One of the major differences between evolved and human-designed implementations is that evolved implementations take an amount of time and effort roughly proportional to the size of the solution, but human-designed implementations usually take time and effort proportional to the size of the argument that the solution is correct. (Of course, it’s entirely possible to find edge cases that blur this distinction, but you understand what I’m gesturing at.)
That means that evolution (or other weak solution-space search methods) may have an advantage at finding solutions that are hard to explain why they work. (At least, until humans develop a well-known and general theory that they can reference in their designs.)
Depends on what organizational principles you are talking about. At the very generic level, the brain’s extremely distributed architecture is already the direction computers are steadily moving towards out of necessity (with supercomputers farther ahead).
As for memristors, they will probably have many generic uses.

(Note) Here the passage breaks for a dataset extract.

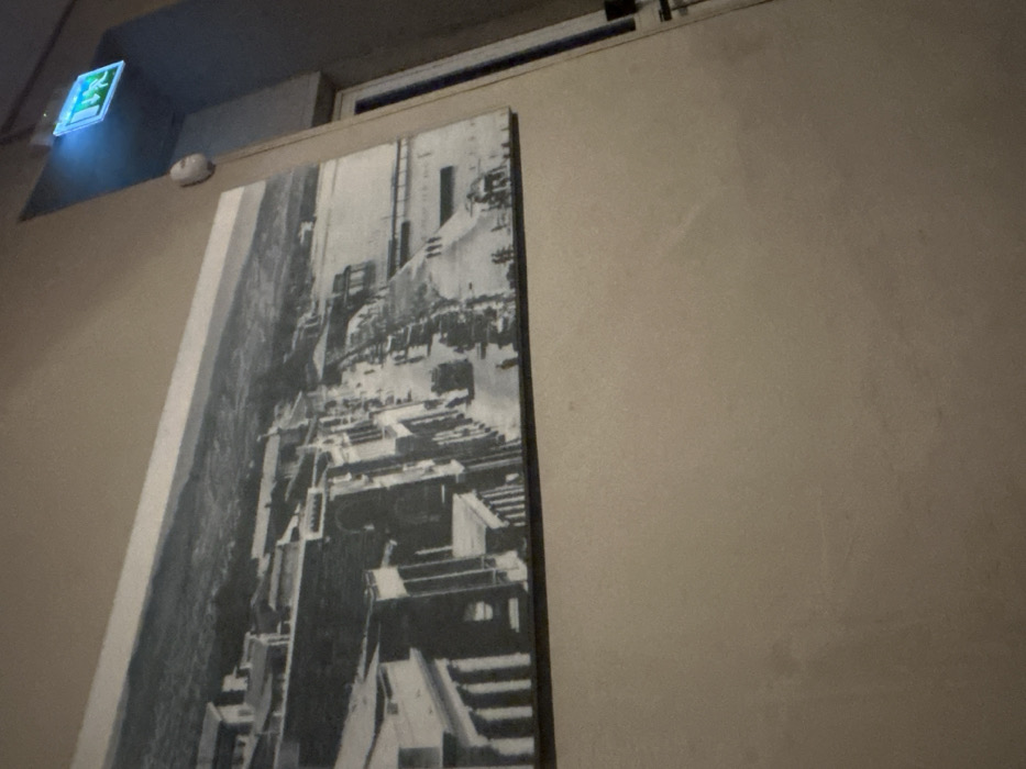 A large, landscape-oriented, black-and-white historical photograph is prominently displayed on a light beige wall in an indoor setting. The photograph captures an elevated, panoramic view of the old waterfront in Limassol, Cyprus, likely depicting the area around Akti Miaouli or the Old Port during the early to mid-20th century. Within the photograph: * **Left and Center**: A dense urban area is visible, characterized by multiple-story buildings lining a wide street. One structure in the lower left foreground features distinctive neoclassical architectural elements, including prominent columns. * **Street**: The street is active, populated by numerous pedestrians, several horse-drawn carriages, and what appear to be early model automobiles, indicating a bustling commercial or social hub. * **Right**: A clear waterfront area features a promenade or pier extending into the calm sea, with multiple individuals visible on it. * **Background**: Distant hills or low mountains are discernible beyond the cityscape and across the water, consistent with Limassol's geographical backdrop. The immediate environment surrounding the photograph includes: * **Wall**: The wall is a plain light beige/tan. * **Upper Right**: A brightly illuminated green "EXIT" sign with white lettering is mounted on an angled wall or ceiling junction. Below it, a small, white, circular device, possibly a smoke detector or motion sensor, is affixed to the wall. * **Right Edge**: A dark vertical element, consistent with a door or window frame, is visible. The overall lighting suggests a dim interior space.

They just also happen to be very powerful for cortex-like AGI applications.
The cortical model for an analog AGI circuit would be incredibly fast but it would be specific for AGI applications (which of course is still quite broad in scope). For regular computation you’d still use digital programmable chips.
Have the distributed architecture trends and memristor applications followed the rough path you expected when you wrote this 12 years ago? Is this or this the sort of thing you were gesturing at? Do you have other links or keywords I could search for?
The distributed arch prediction with supercomputers farther ahead was correct—nvidia grew from a niche gaming company to eclipse intel and is on some road to stock market dominance all because it puts old parallel supercomputers on single chips.
Neuromorphic computing in various forms are slowly making progress: there’s IBM’s truenorth research chip for example, and a few others. Memristors were overhyped and crashed, but are still in research and may yet come to be.
So instead we got big GPU clusters, which for the reasons explained in the article can’t run large brain like RNNs at high speeds, but they can run smaller transformer-models (which sacrifice recurrence and thus aren’t as universal, but are still pretty general) at very high speeds (perhaps 10000x) - and that is what gave us GPT4. The other main limitation of transformers vs brain-like RNNs is GPUs only massive accelerate transformer training, not inference. Some combination of those two limitations seems to be the main blockers for AGI at current training compute regime, but probably won’t last long.
This story did largely get one aspect of AGI correct and for the right reasons—that its early large economic advantage will be in text generation and related fields, and perhaps the greatest early risk is via human influence.